Ernest Powell

Personal information
- Full name: Ernest Ormsby Powell
- Born: 19 January 1861 Liverpool, Lancashire, England
- Died: 29 March 1928 (aged 67) Stafford, Staffordshire, England
- Batting: Right-handed

Domestic team information
- 1882: Surrey
- 1883–1884: Cambridge University
- 1884–1885: Hampshire
- 1888–1895: Marylebone Cricket Club

Career statistics
| Competition | First-class |
| Matches | 21 |
| Runs scored | 1,024 |
| Batting average | 27.67 |
| 100s/50s | 1/6 |
| Top score | 140 |
| Catches/stumpings | 10/– |
- Source: Cricinfo, 17 February 2010

= Ernest Powell =

English cricketer and educator

Ernest Ormsby Powell (19 January 1861 — 29 March 1928) was an English first-class cricketer and educator.

The son of The Reverend Isaac Ormsby Powell, an Irish clergyman originally from Sligo, Powell was born at Liverpool in January 1861. He was educated at Charterhouse School, where he played for the school cricket team.

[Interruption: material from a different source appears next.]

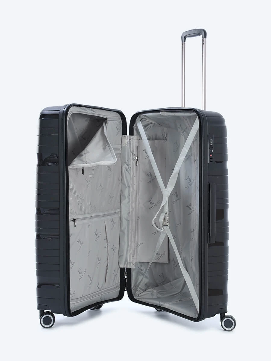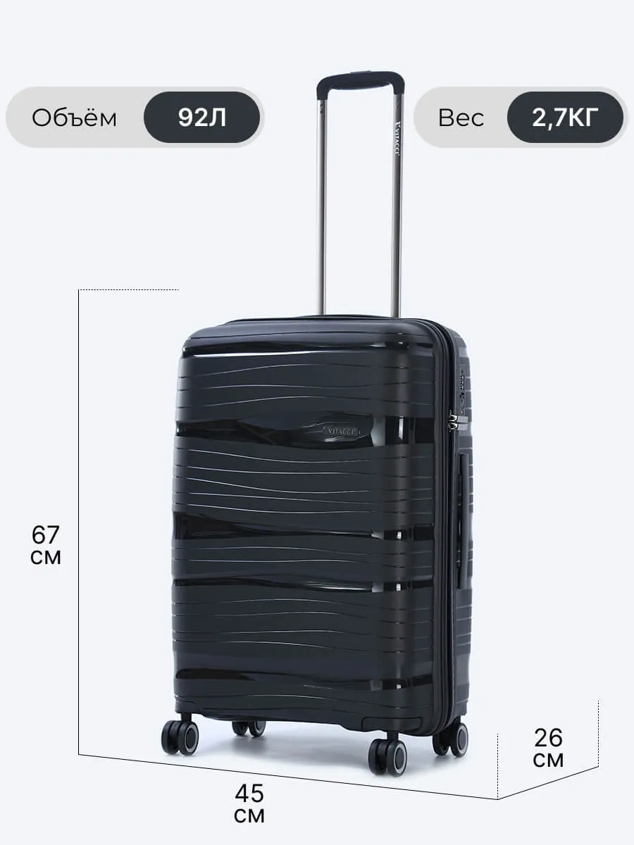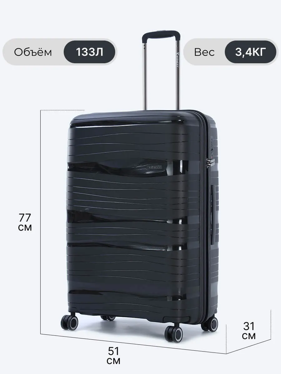 Комплект из трех чемоданов от бренда VITACCI. Изготовлен из полипропилена, оснащен замком с функцией TSA и двойными колёсами. Габариты: большой чемодан - 77,0 см х 51,0 см х 31,0 см, средний чемодан - 67,0 см х 45,0 см х 26,0 см, маленький чемодан - 56,0 см х 39,0 см х 24,0 см. Литраж: большой чемодан - 133,0 л, средний чемодан - 92,0 л, маленький чемодан - 60,0 л. Вес: большой чемодан - 3,4 кг, средний чемодан - 2,7 кг, маленький чемодан - 2,4 кг.

From there, he matriculated in 1880 to King's College, Cambridge. During his second year at Cambridge, he made his debut in first-class cricket for Surrey against Middlesex at The Oval, with Powell making four appearances for Surrey in 1882. While at Cambridge, he also made two first-class appearances for Cambridge University against the Marylebone Cricket Club (MCC) in 1883 and 1884. After leaving Cambridge in 1884, Powell began playing first-class for Hampshire, making his debut against Sussex at Southampton in 1884. He played first-class cricket for Hampshire until 1885, making eleven appearances. In these, he scored 759 runs at an average of 39.94; he made four half centuries and one century, which was a score of 140 against Somerset in 1884, with his second-highest score being 99 against Surrey. In addition to playing for the aforementioned teams, Powell also played first-class cricket for the MCC on three occasions between 1888 and 1895, and once the Gentlemen of the South in 1885. Overall, in 21 first-class matches he scored 1,024 runs at an average of 27.67, making six half centuries alongside his single century.

After graduating from Cambridge he trained to become a solicitor, having passed his final exams in 1887. However, ultimately he decided to embark on a teaching career. In 1901, he was appointed headmaster of the King Edward VI Grammar School in Stafford, an appointment he held until 1924. Amongst his pupils at Stafford were Walter Robins, the future England Test cricketer, with Powell recognising his talents as a cricketer. He was a member of Stafford Cricket Club and served on its committee, where he helped ensure the lease of their ground, The Hough. Powell died at his Brunswick Terrace residence in Stafford in March 1928. He is memorialised on the stained glass Powell Memorial Window which adorns the Great Hall at the now closed King Edward VI Grammar School.